→ **Exercise directions**
Go to the line with "Раковина Wellsee 75" in the material below and copy from there through the line with "轩尼斯门窗曾庆伟荣获「2022年度中国家居杰出企业家」称号", exactly. Pictures are not copied.

Given records section start

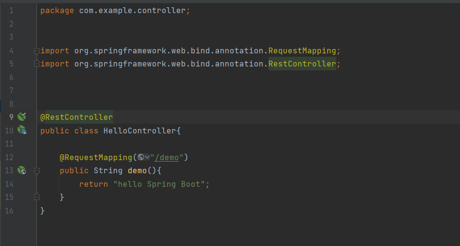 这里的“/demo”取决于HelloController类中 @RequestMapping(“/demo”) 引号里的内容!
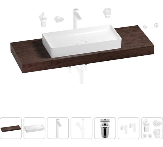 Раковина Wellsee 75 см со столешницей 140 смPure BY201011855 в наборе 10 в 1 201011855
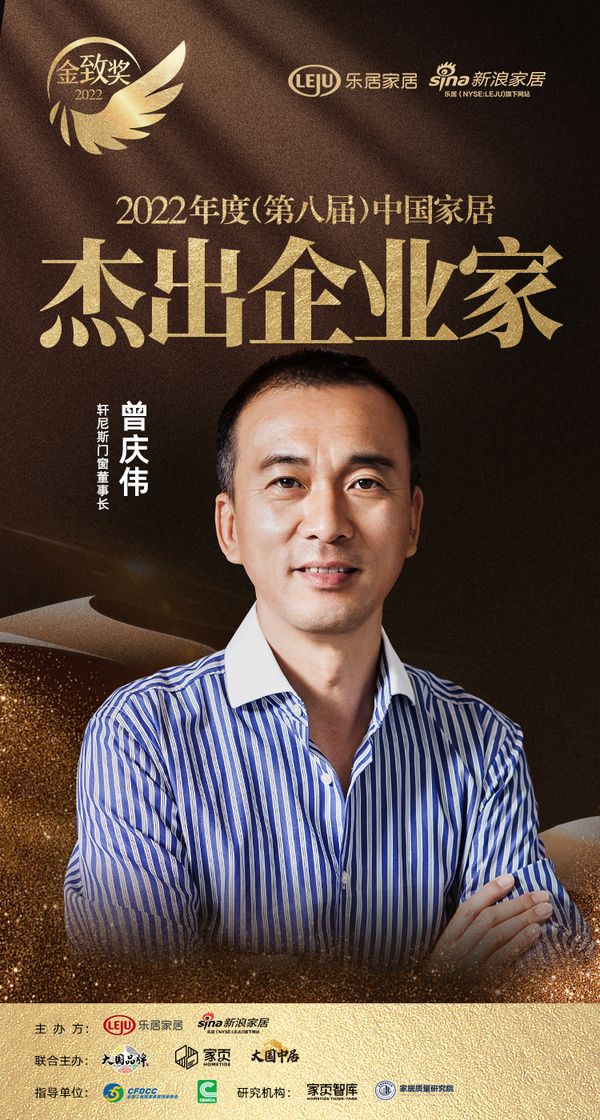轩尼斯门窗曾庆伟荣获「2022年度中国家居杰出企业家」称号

Given records section end
Given records section start

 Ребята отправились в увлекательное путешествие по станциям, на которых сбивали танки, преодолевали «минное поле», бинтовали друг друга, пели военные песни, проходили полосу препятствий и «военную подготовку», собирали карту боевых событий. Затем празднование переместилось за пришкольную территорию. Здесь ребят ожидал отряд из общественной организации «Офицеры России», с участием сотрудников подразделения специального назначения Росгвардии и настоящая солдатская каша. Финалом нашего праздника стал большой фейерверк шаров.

Given records section end

→ **Output of the exercise**
 Раковина Wellsee 75 см со столешницей 140 смPure BY201011855 в наборе 10 в 1 201011855
轩尼斯门窗曾庆伟荣获「2022年度中国家居杰出企业家」称号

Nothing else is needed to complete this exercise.